It’s a good observation, Larry. Europe in total would have been growing at a pretty rapid pace throughout the year, something in the 40-50% range in terms of total market, and here in the fourth quarter it slowed down a lot. And that’s because we actually had countries that went into negative growth. They were actually lower in the fourth quarter of ’11 than they were in the fourth quarter of ’12. These were these southern European countries that actually we had a fair amount of volume in. It’s not the largest in Europe, but enough, certainly, to affect the growth rate. Now you’re asking me to see the future in terms of what’s going to happen in those countries. We know that there’s patients that certainly want transcatheter valve procedures, and we would expect this to begin recovering, but it’s difficult for us to predict exactly when that might happen.

Thomas Abate

And Larry, it wasn’t really flat. It was probably maybe more in the range of the 20s, 20% growth. And sorry, there were a couple pieces that make that hard to trace, but I’d say somewhere in the low 20s is not a bad number for Europe.

Larry Biegelsen - Wells Fargo

Tom, you’re saying 20% sequentially? Or 20% up year over year?

Thomas Abate

Year over year.

Larry Biegelsen - Wells Fargo

Okay. Hey guys, I know you haven’t had a chance to look at the NCD, but there’s one number that has been thrown around there before, and I’m wondering if you know offhand, how many centers in the US do over 50 aortic valve procedures per year? Does anyone know that offhand?

Michael Mussallem

Offhand, Larry, there’s around 400 centers in the US that do above 50 AVRs historically.

Larry Biegelsen - Wells Fargo

And last from me. The cap data that we just saw, the transapical cap data, I don’t know if this was asked earlier, but just to confirm, you will be providing that to FDA, and you would expect that to be part of a panel?

Michael Mussallem

Yeah, Larry, you have to promise that was question. We’re starting to string them out a little bit there, and we need to leave time for others. But yes, of course we would provide that cap data to FDA.

Operator

Our next question comes from the line of Mike Weinstein from JP Morgan. Please proceed with your question.

Michael Weinstein - JP Morgan

Mike, you had commented at the analyst meeting on the trajectory early on and your expectations, and you had said that you thought January would come in, for US SAPIEN sales, in the $10 million to $15 million range. Is that where it played out?

Michael Mussallem

It probably came in a little short of that.
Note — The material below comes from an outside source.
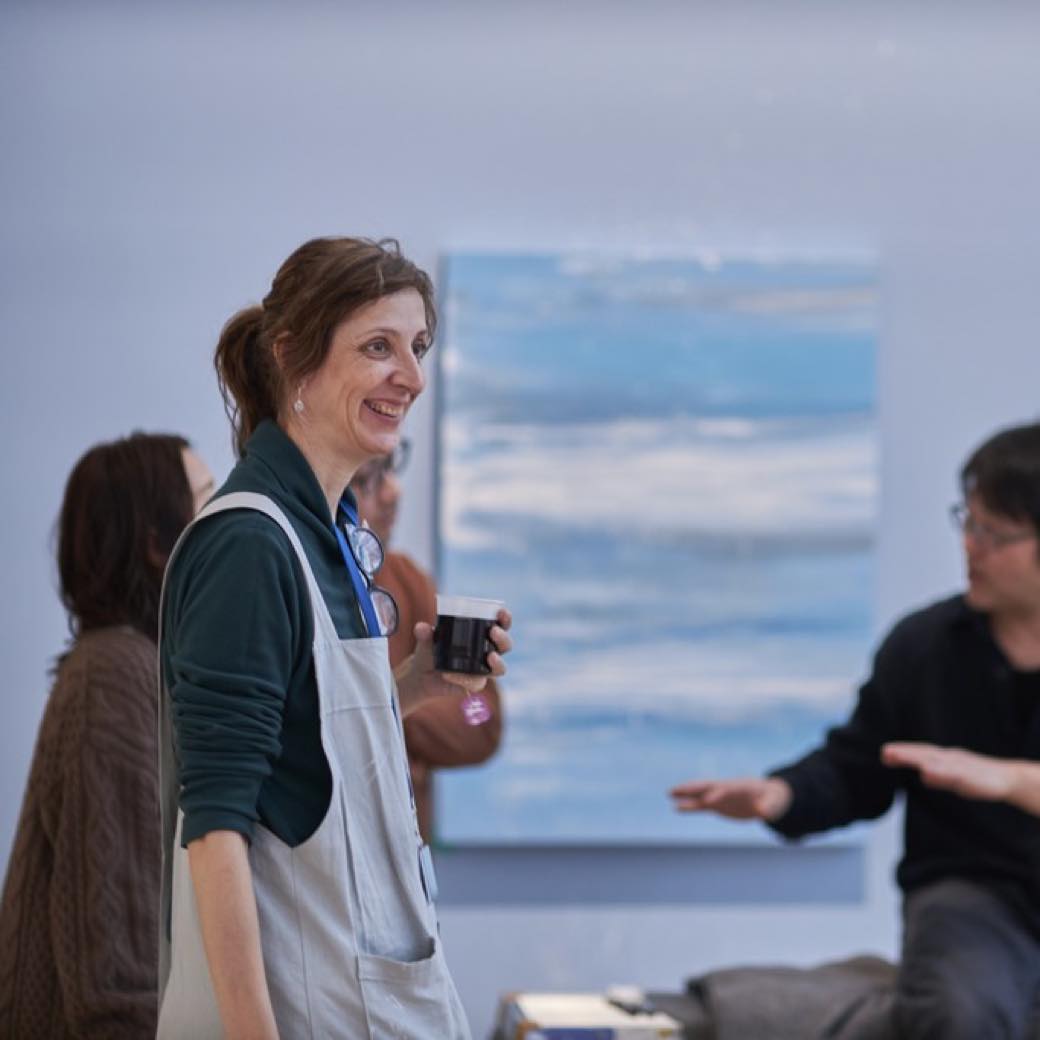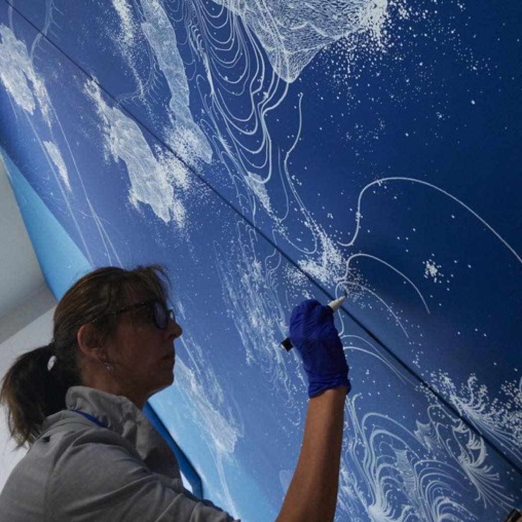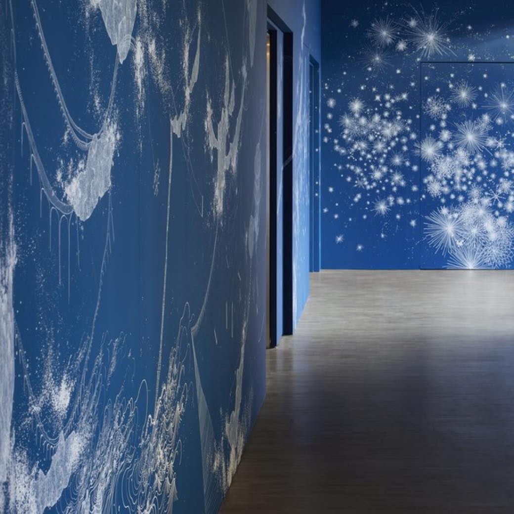 今回の展示では、宇宙を象徴的に表す青のグラデーションを使用し、水色の「朝」から紺色の「夜」へ、「時の移ろい」を体感できる空間を作り上げた。中央のキャンバス作品が起点となり、会場全体に広がるドローイングは、6人のアーティストともに2週間かけて手掛けたという。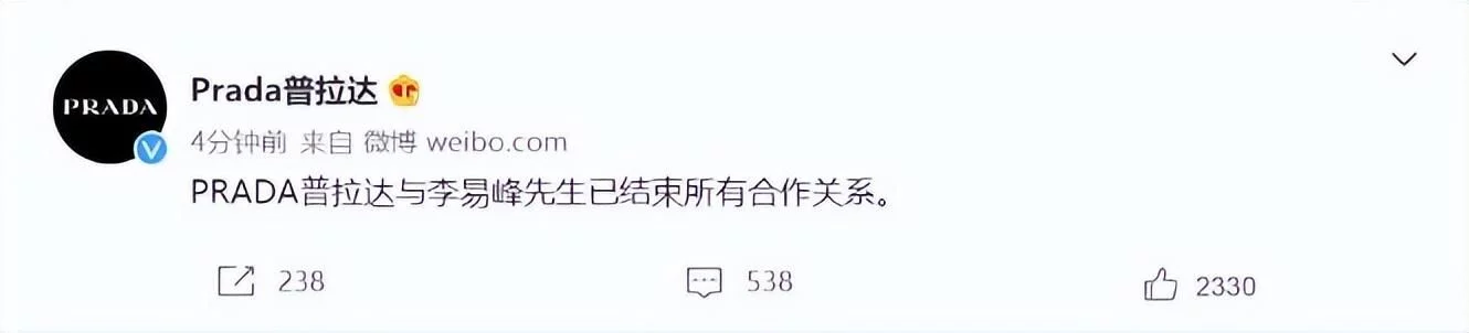普拉达微博公布,PRADA普拉达与李易峰师长教师已完毕一切协作关系。

I think some of this temporary conversion caused it to be a little short of where we thought it would come in.

Michael Weinstein - JP Morgan

So in your mind, the pushback from a couple of those local carriers that you and I had talked about, that probably has changed the trajectory of the slope for 2012, but hasn’t changed where you think you will end up in total for the year?

Michael Mussallem

Well, you know, I think it ends up changing the trajectory here in the short term, until there’s a national coverage determination. And I’m optimistically hoping that this document that was published today starts providing some clarity. But in the interim period it appears that the ramp is affected by this uncertainty. But you can see, because we’re reaffirming our full 2012 numbers, we’re still feeling confident that as this gets cleared up that we’ll be able to get back on that ramp and stay in our range.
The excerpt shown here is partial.